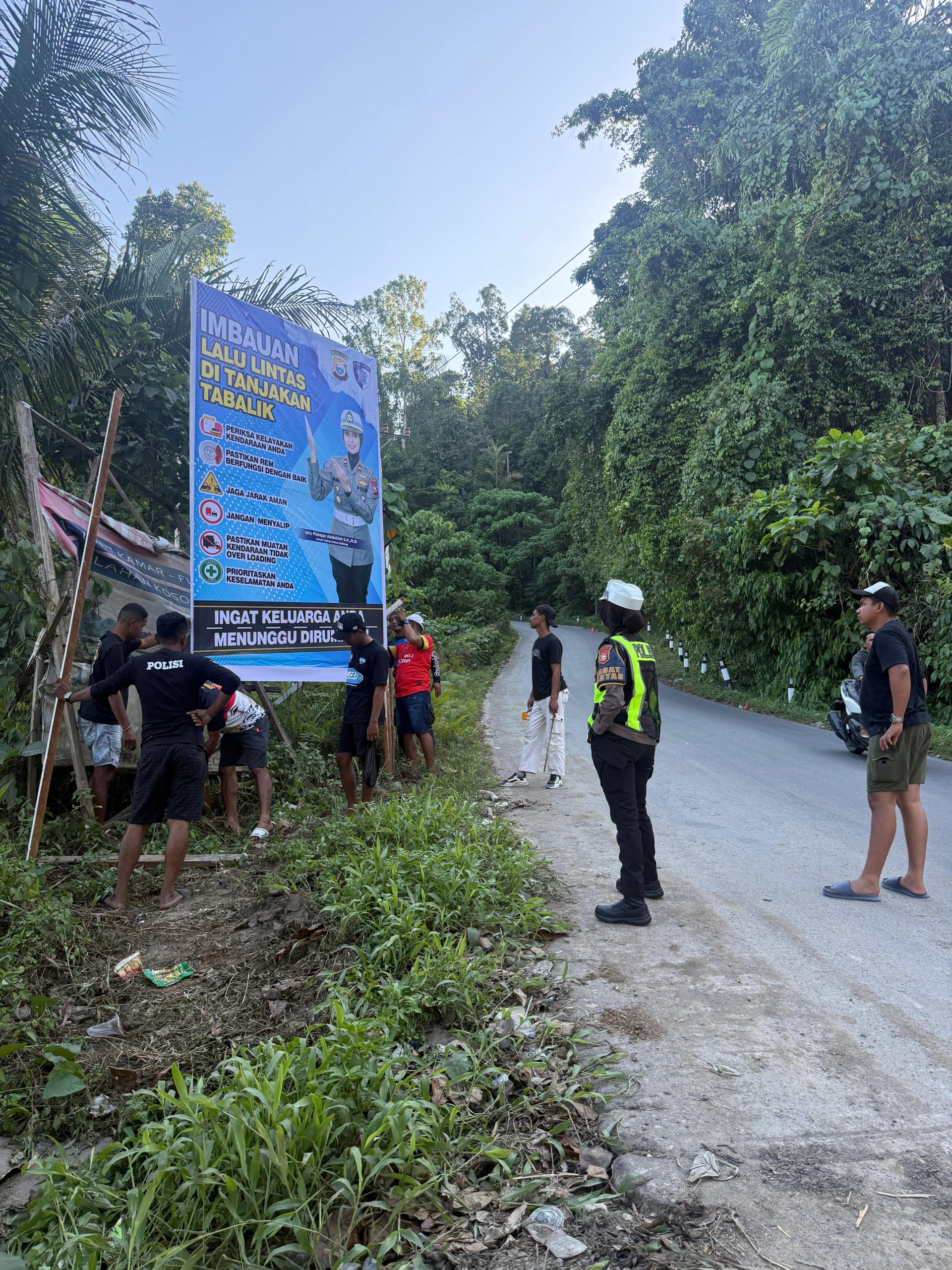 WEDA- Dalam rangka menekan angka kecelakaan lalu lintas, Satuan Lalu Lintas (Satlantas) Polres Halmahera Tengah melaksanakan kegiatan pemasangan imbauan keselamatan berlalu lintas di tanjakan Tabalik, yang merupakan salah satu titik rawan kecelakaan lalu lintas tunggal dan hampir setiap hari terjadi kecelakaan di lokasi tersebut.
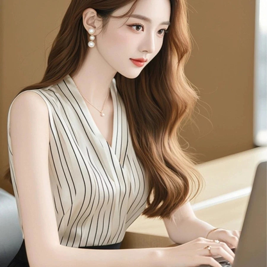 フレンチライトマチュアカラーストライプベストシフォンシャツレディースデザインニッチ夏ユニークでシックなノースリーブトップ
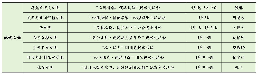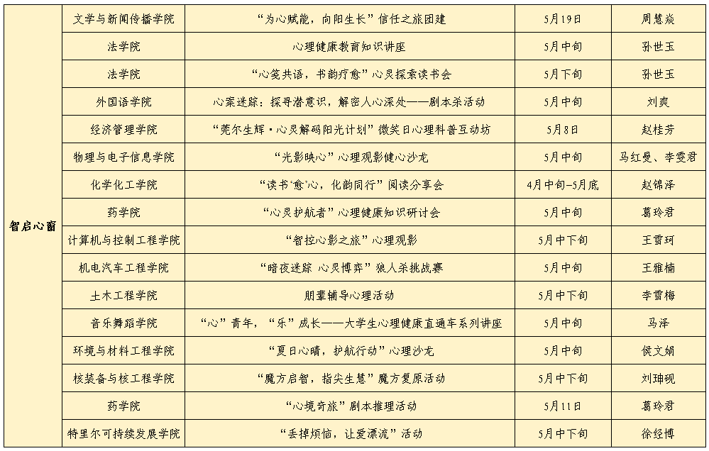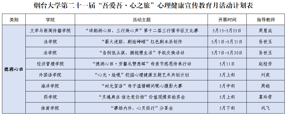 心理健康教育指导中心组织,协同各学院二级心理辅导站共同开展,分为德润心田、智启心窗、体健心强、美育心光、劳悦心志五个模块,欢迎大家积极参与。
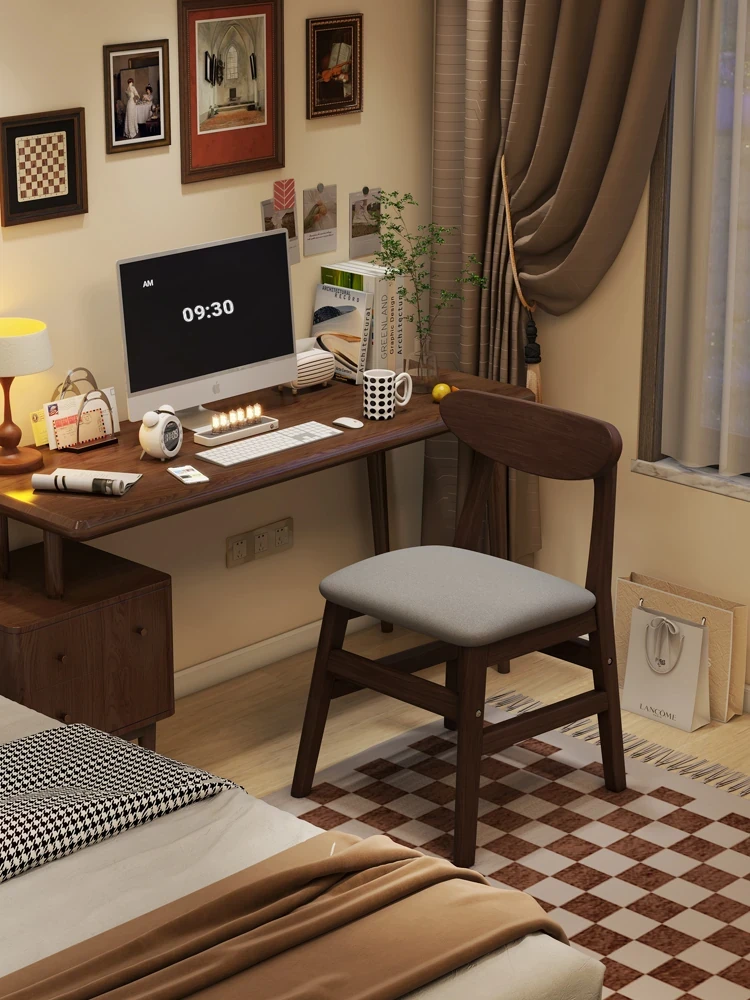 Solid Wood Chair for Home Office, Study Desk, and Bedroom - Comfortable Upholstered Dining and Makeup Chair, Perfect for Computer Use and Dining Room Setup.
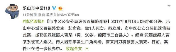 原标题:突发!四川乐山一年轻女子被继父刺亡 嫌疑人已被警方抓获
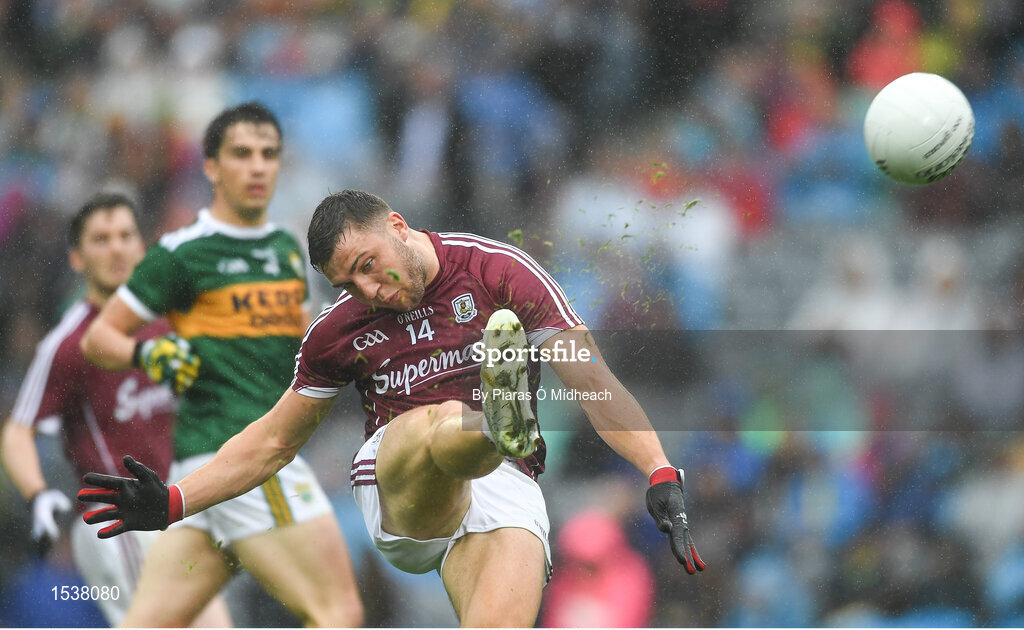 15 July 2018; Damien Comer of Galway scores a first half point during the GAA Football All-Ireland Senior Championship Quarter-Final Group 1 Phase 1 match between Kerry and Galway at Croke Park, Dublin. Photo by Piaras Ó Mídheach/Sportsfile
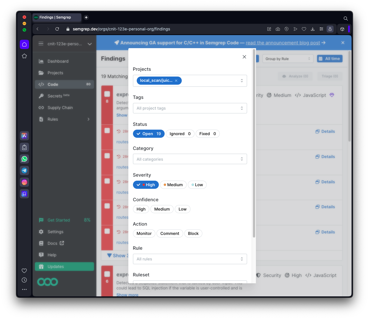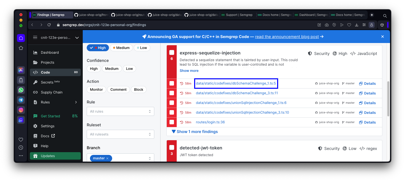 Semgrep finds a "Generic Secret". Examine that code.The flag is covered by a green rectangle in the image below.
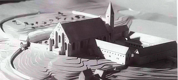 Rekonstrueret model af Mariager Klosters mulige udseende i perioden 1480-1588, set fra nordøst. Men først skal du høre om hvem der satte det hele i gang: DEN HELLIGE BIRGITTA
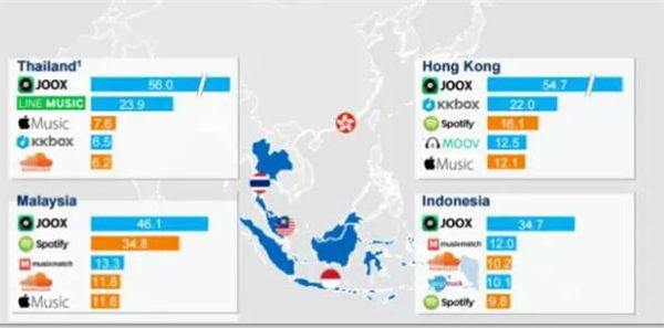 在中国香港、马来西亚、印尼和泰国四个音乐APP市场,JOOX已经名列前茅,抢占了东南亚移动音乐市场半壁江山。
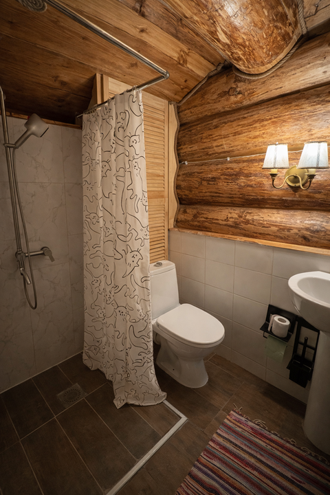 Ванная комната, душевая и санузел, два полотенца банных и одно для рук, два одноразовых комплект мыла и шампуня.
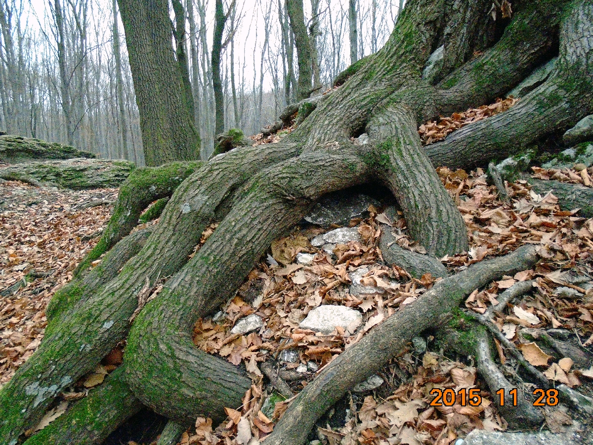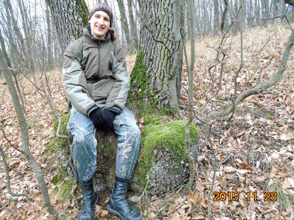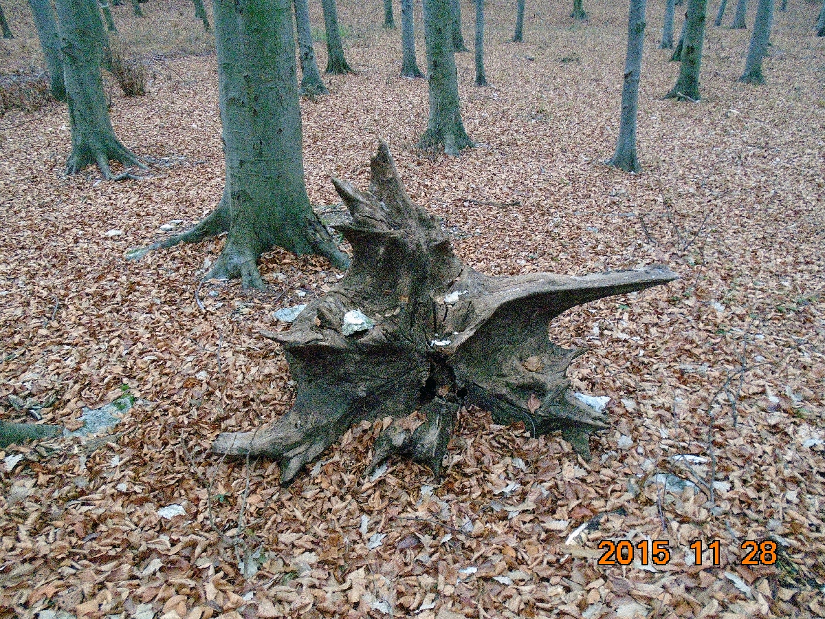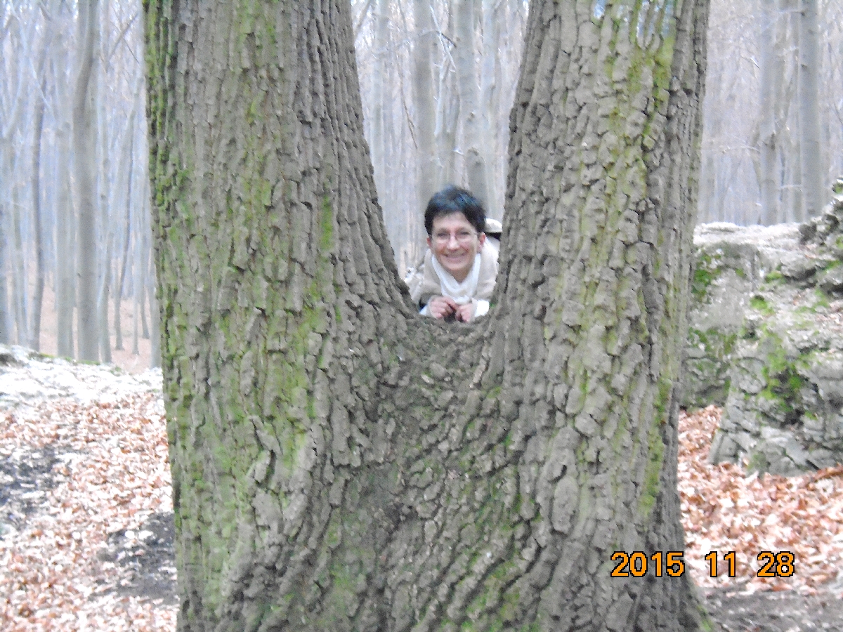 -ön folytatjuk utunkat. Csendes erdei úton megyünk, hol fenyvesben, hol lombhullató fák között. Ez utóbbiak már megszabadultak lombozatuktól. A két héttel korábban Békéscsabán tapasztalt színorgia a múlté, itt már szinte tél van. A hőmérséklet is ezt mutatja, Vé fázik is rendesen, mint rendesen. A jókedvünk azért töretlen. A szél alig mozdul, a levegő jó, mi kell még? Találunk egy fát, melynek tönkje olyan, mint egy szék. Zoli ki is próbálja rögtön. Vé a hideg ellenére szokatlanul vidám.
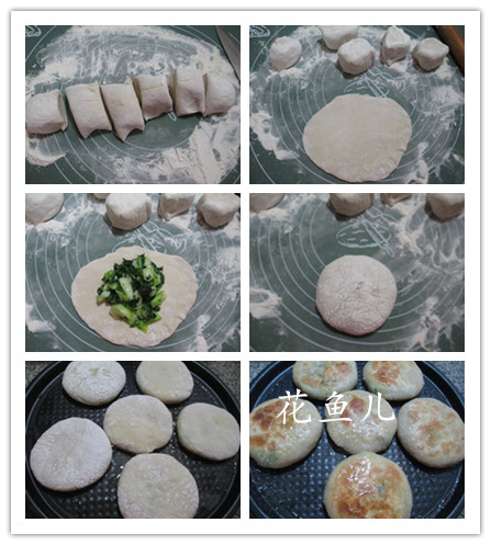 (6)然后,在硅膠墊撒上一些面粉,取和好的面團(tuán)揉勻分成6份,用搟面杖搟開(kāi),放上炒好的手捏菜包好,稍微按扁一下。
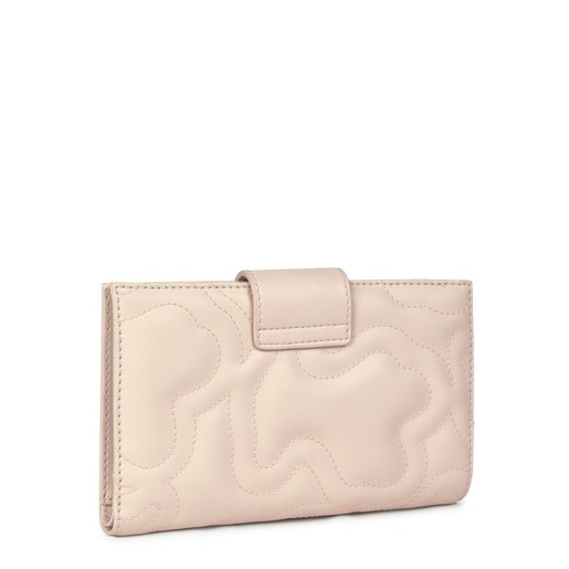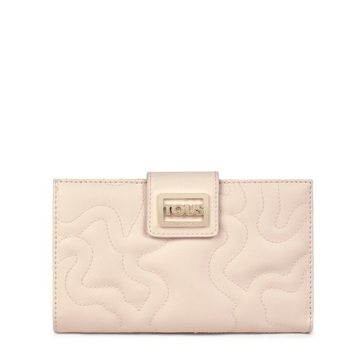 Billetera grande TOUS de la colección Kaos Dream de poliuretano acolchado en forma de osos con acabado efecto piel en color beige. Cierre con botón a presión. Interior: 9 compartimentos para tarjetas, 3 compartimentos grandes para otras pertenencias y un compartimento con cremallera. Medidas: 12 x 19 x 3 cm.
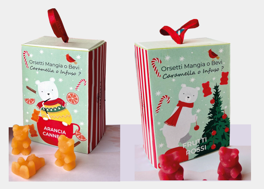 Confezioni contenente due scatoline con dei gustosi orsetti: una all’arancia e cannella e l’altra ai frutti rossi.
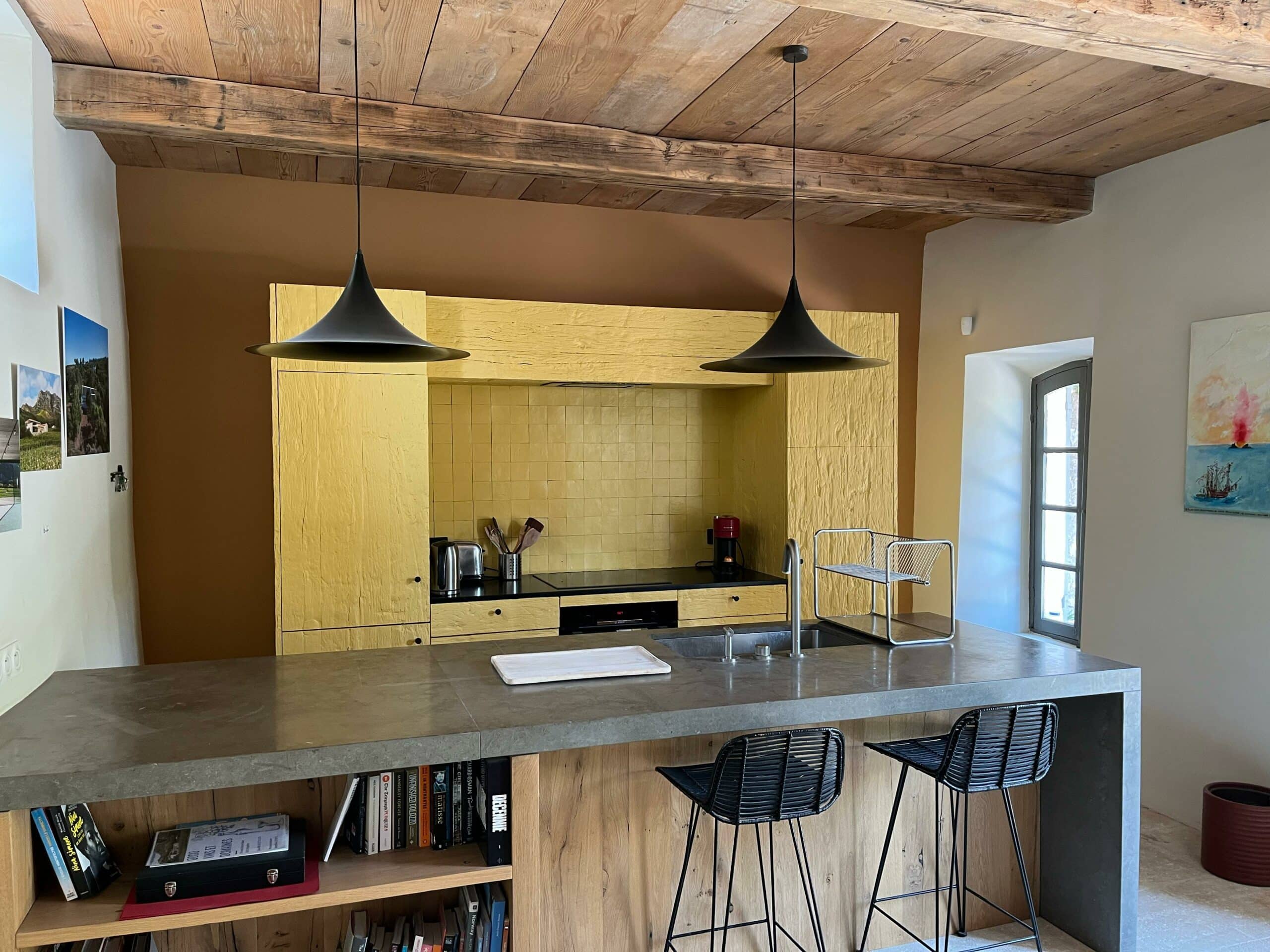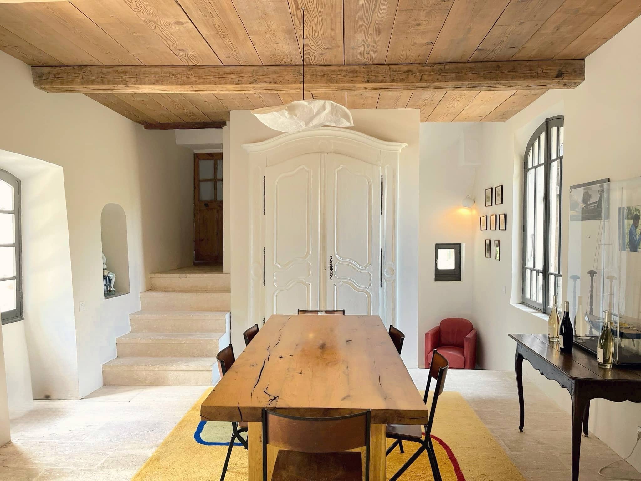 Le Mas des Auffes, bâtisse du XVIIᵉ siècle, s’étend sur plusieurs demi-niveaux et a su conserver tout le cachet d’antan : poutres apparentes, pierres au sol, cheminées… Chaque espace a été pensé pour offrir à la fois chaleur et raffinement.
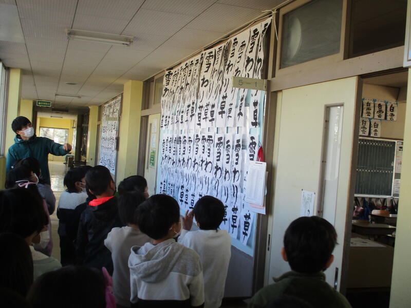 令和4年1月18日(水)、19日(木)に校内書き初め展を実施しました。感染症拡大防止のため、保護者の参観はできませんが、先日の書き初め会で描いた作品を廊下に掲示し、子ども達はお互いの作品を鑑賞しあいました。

# # # #

• THE PROBLEM: Copy the entries exactly. Leave out the images.

• TASK SOLUTION:
 WEDA- Dalam rangka menekan angka kecelakaan lalu lintas, Satuan Lalu Lintas (Satlantas) Polres Halmahera Tengah melaksanakan kegiatan pemasangan imbauan keselamatan berlalu lintas di tanjakan Tabalik, yang merupakan salah satu titik rawan kecelakaan lalu lintas tunggal dan hampir setiap hari terjadi kecelakaan di lokasi tersebut.
 フレンチライトマチュアカラーストライプベストシフォンシャツレディースデザインニッチ夏ユニークでシックなノースリーブトップ
 心理健康教育指导中心组织,协同各学院二级心理辅导站共同开展,分为德润心田、智启心窗、体健心强、美育心光、劳悦心志五个模块,欢迎大家积极参与。
 Solid Wood Chair for Home Office, Study Desk, and Bedroom - Comfortable Upholstered Dining and Makeup Chair, Perfect for Computer Use and Dining Room Setup.
 原标题:突发!四川乐山一年轻女子被继父刺亡 嫌疑人已被警方抓获
 15 July 2018; Damien Comer of Galway scores a first half point during the GAA Football All-Ireland Senior Championship Quarter-Final Group 1 Phase 1 match between Kerry and Galway at Croke Park, Dublin. Photo by Piaras Ó Mídheach/Sportsfile
 Semgrep finds a "Generic Secret". Examine that code.The flag is covered by a green rectangle in the image below.
 Rekonstrueret model af Mariager Klosters mulige udseende i perioden 1480-1588, set fra nordøst. Men først skal du høre om hvem der satte det hele i gang: DEN HELLIGE BIRGITTA
 在中国香港、马来西亚、印尼和泰国四个音乐APP市场,JOOX已经名列前茅,抢占了东南亚移动音乐市场半壁江山。
 Ванная комната, душевая и санузел, два полотенца банных и одно для рук, два одноразовых комплект мыла и шампуня.
 -ön folytatjuk utunkat. Csendes erdei úton megyünk, hol fenyvesben, hol lombhullató fák között. Ez utóbbiak már megszabadultak lombozatuktól. A két héttel korábban Békéscsabán tapasztalt színorgia a múlté, itt már szinte tél van. A hőmérséklet is ezt mutatja, Vé fázik is rendesen, mint rendesen. A jókedvünk azért töretlen. A szél alig mozdul, a levegő jó, mi kell még? Találunk egy fát, melynek tönkje olyan, mint egy szék. Zoli ki is próbálja rögtön. Vé a hideg ellenére szokatlanul vidám.
 (6)然后,在硅膠墊撒上一些面粉,取和好的面團(tuán)揉勻分成6份,用搟面杖搟開(kāi),放上炒好的手捏菜包好,稍微按扁一下。
 Billetera grande TOUS de la colección Kaos Dream de poliuretano acolchado en forma de osos con acabado efecto piel en color beige. Cierre con botón a presión. Interior: 9 compartimentos para tarjetas, 3 compartimentos grandes para otras pertenencias y un compartimento con cremallera. Medidas: 12 x 19 x 3 cm.
 Confezioni contenente due scatoline con dei gustosi orsetti: una all’arancia e cannella e l’altra ai frutti rossi.
 Le Mas des Auffes, bâtisse du XVIIᵉ siècle, s’étend sur plusieurs demi-niveaux et a su conserver tout le cachet d’antan : poutres apparentes, pierres au sol, cheminées… Chaque espace a été pensé pour offrir à la fois chaleur et raffinement.
 令和4年1月18日(水)、19日(木)に校内書き初め展を実施しました。感染症拡大防止のため、保護者の参観はできませんが、先日の書き初め会で描いた作品を廊下に掲示し、子ども達はお互いの作品を鑑賞しあいました。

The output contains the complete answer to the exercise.